Over the next two decades the building of a new working hostel for girls, the purchase of the Priory farm in Studley, and the expansion of the hospital’s services to serve the whole community, focusing especially on disability, took place. During this period, migration to Australia was seen as providing an opportunity for a new life, as it had, decades earlier, to Canada. Later, this was not considered to be the best solution for the needs of the children.

In the 1970s and early 80s institutional care began to be replaced by foster care and adoption. This was seen as a much improved model of care for most children.

With many homes no longer usable for their original purpose, Father Hudson’s had to decide where its future lay. After much consultation and prayer the trustees decided to develop residential services for older people and disabled people. This new vision was led by Bishop Pargeter, Chair of the Board. At the same time the trustees developed new community projects with other like-minded partners, usually religious sisters. Ever since then the trustees have remained committed to this vision.

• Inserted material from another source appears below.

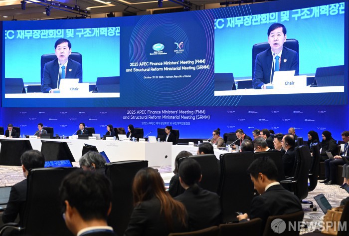 [서울=뉴스핌] 구윤철 부총리 겸 기획재정부 장관이 22일 인천 인스파이어 리조트에서 열린 아시아-태평양경제협력체(APEC) 재무·구조개혁장관회의 합동세션을 주재하고 있다. [사진=기획재정부] 2025.10.22 photo@newspim.com

By the late 1990s it was clear that the old buildings were no longer suitable for the care of older people or for disabled adults. The Day Service was moved to the refurbished old school building in the mid-90s. The brave decision was also taken to create the new St Joseph’s Care home for older people and the St Catherine’s bungalows for disabled adults. In 2002 these beautiful new buildings became available and have established great reputations in the local and wider Diocesan community.

Under the leadership of the first three lay Chief Executives, new services continued to develop. In the community, the Anawim, Hope and Brushstrokes projects have led the way. Working closely with two parishes, the New Heights and Maryvale community projects were established in Birmingham.

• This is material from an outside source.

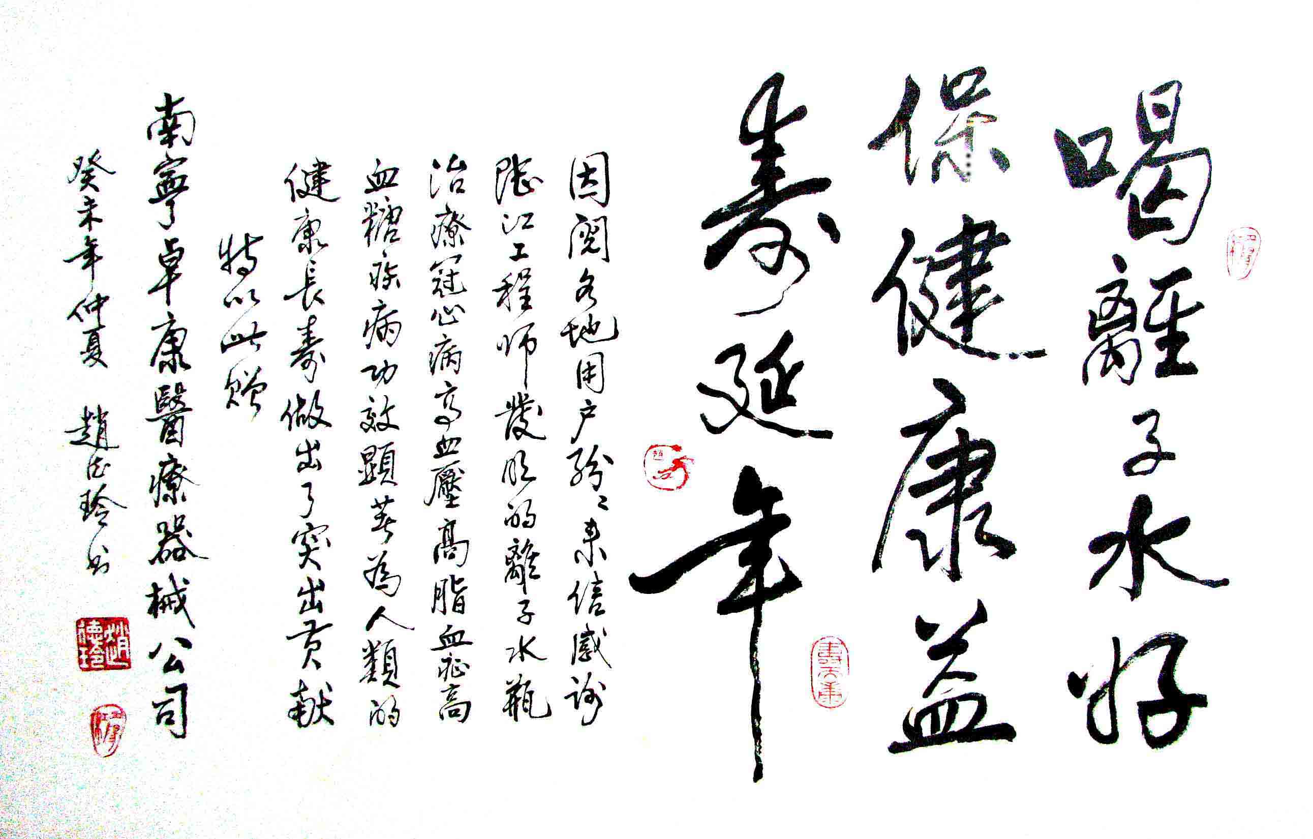 - -----南寧卓康微小水科技有限公司原為南寧卓康醫(yī)療器械有限責(zé)任公司 ,用戶普遍反饋高血壓患者飲用2—5個(gè)月,癥狀消除,不再服藥,治愈了高血壓; 冠心病患者,包括已做和未做支架或搭撟手術(shù)者,經(jīng)3—5個(gè)月飲用,消除心痛、胸悶、早搏、房顫和心絞痛等癥狀,逆轉(zhuǎn)至消除動(dòng)脈粥樣硬化和斑塊,一年左右治愈冠心病,心腦電圖正常,經(jīng)冠脈造影掃描無明顯狹窄,表明冠心病痊愈;糖尿病人飲用3-10個(gè)月,血糖尿糖正常,治愈2型糖尿病; 并且使前列腺增生、低血壓、腦萎慢性咽喉炎、慢性氣管炎、支氣管炎、哮喘、矽肺病、甲亢、慢性胃腸炎、膽囊炎、慢性腎炎、腎衰、風(fēng)濕性關(guān)節(jié)炎、痔瘡和濕疹皮炎及中風(fēng)癱瘓或偏癱失語后遺癥等不藥而愈,且多病同治,無需終生服藥,彌補(bǔ)了幾千年來藥物的欠缺,使“微小水”成為人類消除高血壓、冠心病和糖尿病的寶貴資源。腦動(dòng)脈粥樣硬化、低血壓和前列腺增生患者,一般飲用四個(gè)月痊愈;中風(fēng)后遺癥患者,一般飲用8個(gè)月痊愈。請(qǐng)?jiān)旈啞队脩舴答仭窓谀恐写罅炕颊叩姆答佇拧z測(cè)報(bào)告,有的還附照片。產(chǎn)品屢獲大獎(jiǎng),論文也屢獲一等獎(jiǎng)。廣大用戶好評(píng)不斷,有口皆碑。

In 2006 the first Family Support in Schools project was developed in North Staffordshire. This was quickly followed by more school projects. From the 1990s a small Fostering project, specialising in placing older children and groups of siblings, was established. This has grown steadily and has achieved outstanding results and recognition.

When it became necessary to close St Andrew’s, a ten-bedroomed care facility for adults with learning disabilities, the Trustees purchased two properties in Coleshill where the five remaining residents could live until new apartments were built. At the same time the Domiciliary care service was created.

Over several decades, since the children’s homes closed, the Trustees and senior management worked tirelessly to sell the land to enable Father Hudson’s to move forward in an ever-changing social care sector. Under the leadership of Jim Quinn, Kevin Caffrey and Tim Bradford the land was finally sold. New offices have been built and ten new apartments for adults with learning disabilities constructed to progress the vision of Father Hudson’s care as the social care agency of the Archdiocese of Birmingham, serving those in great need in the church and in the wider community. Its commitment to the community is firm and its desire to work with others is clear.

Throughout its history, Father Hudson’s Care has become increasingly aware of its responsibility for those who stayed in the care homes or were adopted. Many former residents or adoptees want to know more about their early years when they were in the care of Father Hudson’s. The Board of Trustees created the Origins service to help each of these individuals and families in their search.